GOVERNMENT VIOLATES OWN PRIVACY STANDARDS
U.S. House of Representatives Majority Leader Richard Armey recently sent
the following memo to his House colleagues on the subject of privacy and
the unwarranted sharing of confidential information among various
government agencies. The memo appeared in the e-newsletter of the
Coalition for Constitutional Liberties, a conservative Washington D.C.
group. Here is a substantial excerpt from the memo;
"TO: House Colleagues
FROM: Dick Armey
SUBJECT: Privacy: For those who live in glass houses
DATE: April 9, 2001
Americans put a high value on their privacy. And for good reason. I don't
want strangers poking around in my business any more than they want me
poking around in theirs. But new forms of communication like the Internet
present an entirely new challenge for those of us concerned about privacy.
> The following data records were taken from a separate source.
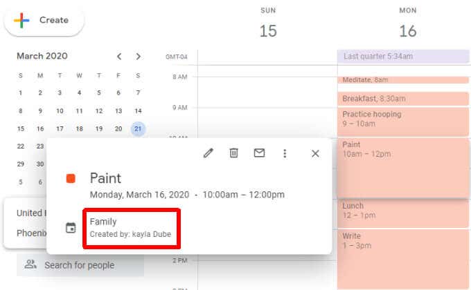 When other members of your family add events to the Family calendar, you’ll see those events appear with the same color code. Then, when you open the event, you can see who created it in the event details pop-up.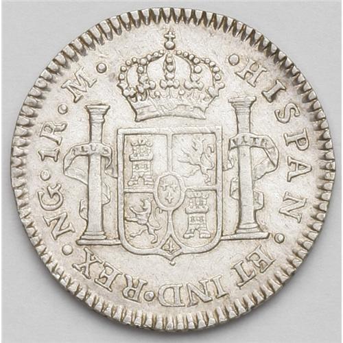 <B>Ferdinand VII Real 1810NG-M, </B></I>KM61, lustrous XF, tiny dig above the King's forehead, bust of Carlos IIII. Scarce type and grade.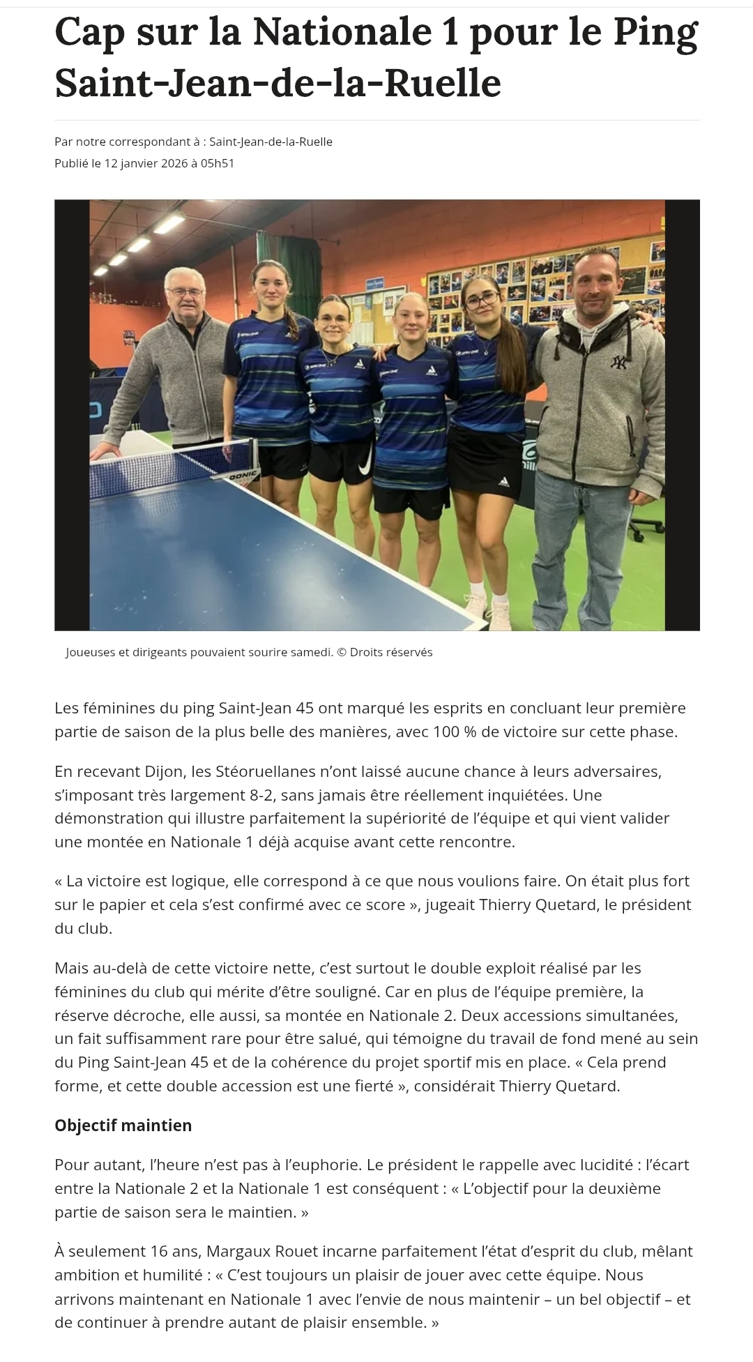 Cap sur la Nationale 1 pour Ping St Jean 45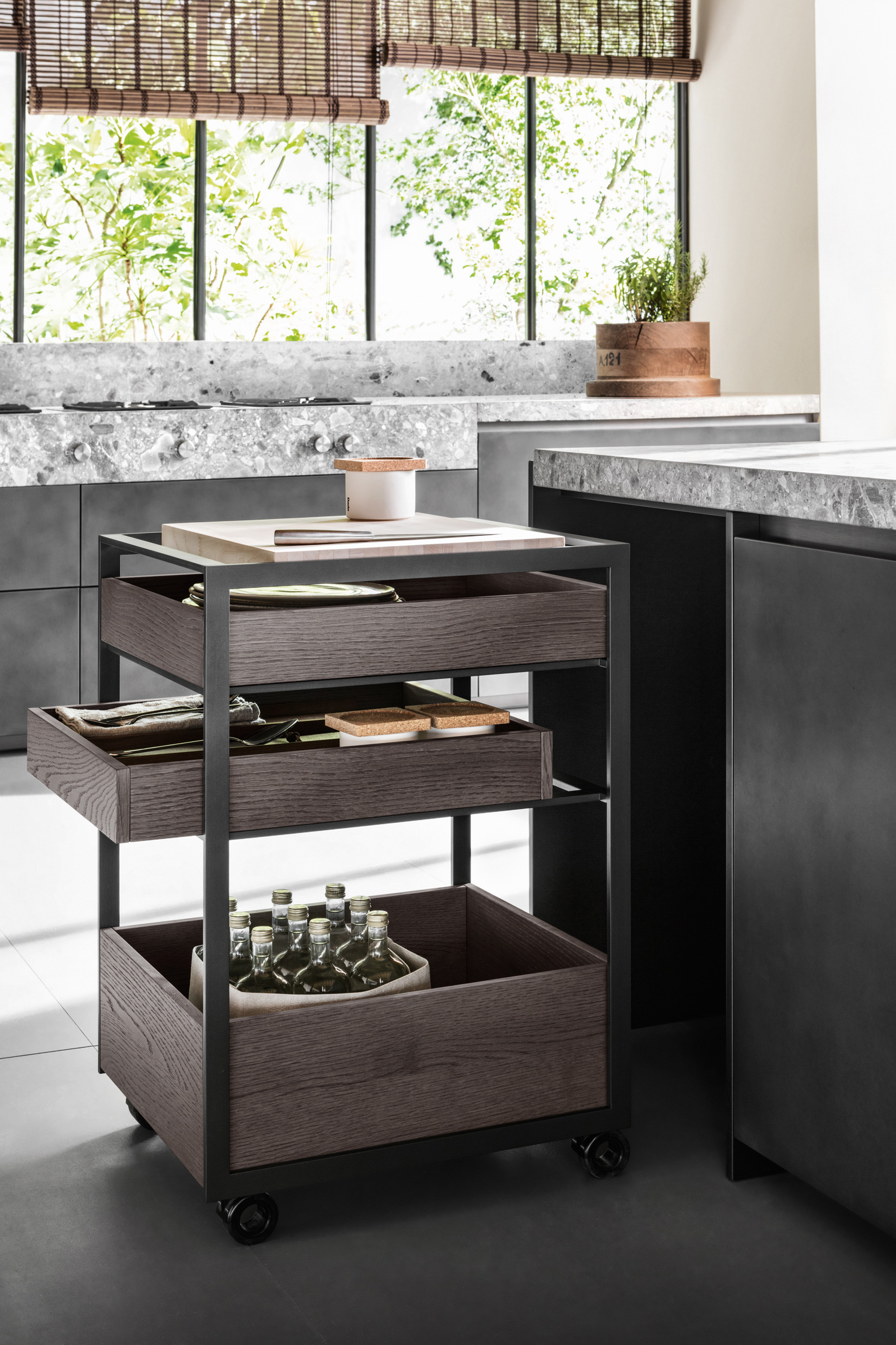 “Ceppo” der Küchenwagen ist eine regelrechte Zubereitungsinsel im Dienste des Kochs/der Köchin und ist mit oder ohne Räder lieferbar, um sich an die tagtäglichen Bedürfnisse aller Wohnlösungen anzupassen.

Figuring out exactly what we must do to protect sensitive information in
this new environment is no easy task. Many unexpected pitfalls await those
who rush into this complicated, emotional issue. In the fast-paced world
of the Internet, we must avoid silver-bullet solutions that will quickly
become obsolete or leave ourselves vulnerable to criticism that the
government is not meeting the standards it requires from others.
The Government's Privacy Problems
Before the federal government becomes too preachy about privacy, it
should review it's own practices. The Federal Trade Commission (FTC), for
example, thought that it had developed some good ideas for regulating
commercial websites to protect privacy. The Commission set out its own
privacy principles last May in a report entitled "Fair Information
Practices in the Electronic Marketplace." The problem was that the good
folks at the FTC were so busy figuring out how to regulate the commercial
sector that it forgot to regulate itself--and they fell into the hypocrisy
trap.
Rep. Billy Tauzin and I asked the General Accounting Office (GAO) to
apply the FTC's privacy criteria to the government itself. Not only did
the FTC fail to meet the very standards it had asked Congress to impose on
everyone else, so did 97 percent of all federal websites surveyed. I think
we can draw a lesson from this. The government should review it's own
practices before it becomes too preachy about privacy.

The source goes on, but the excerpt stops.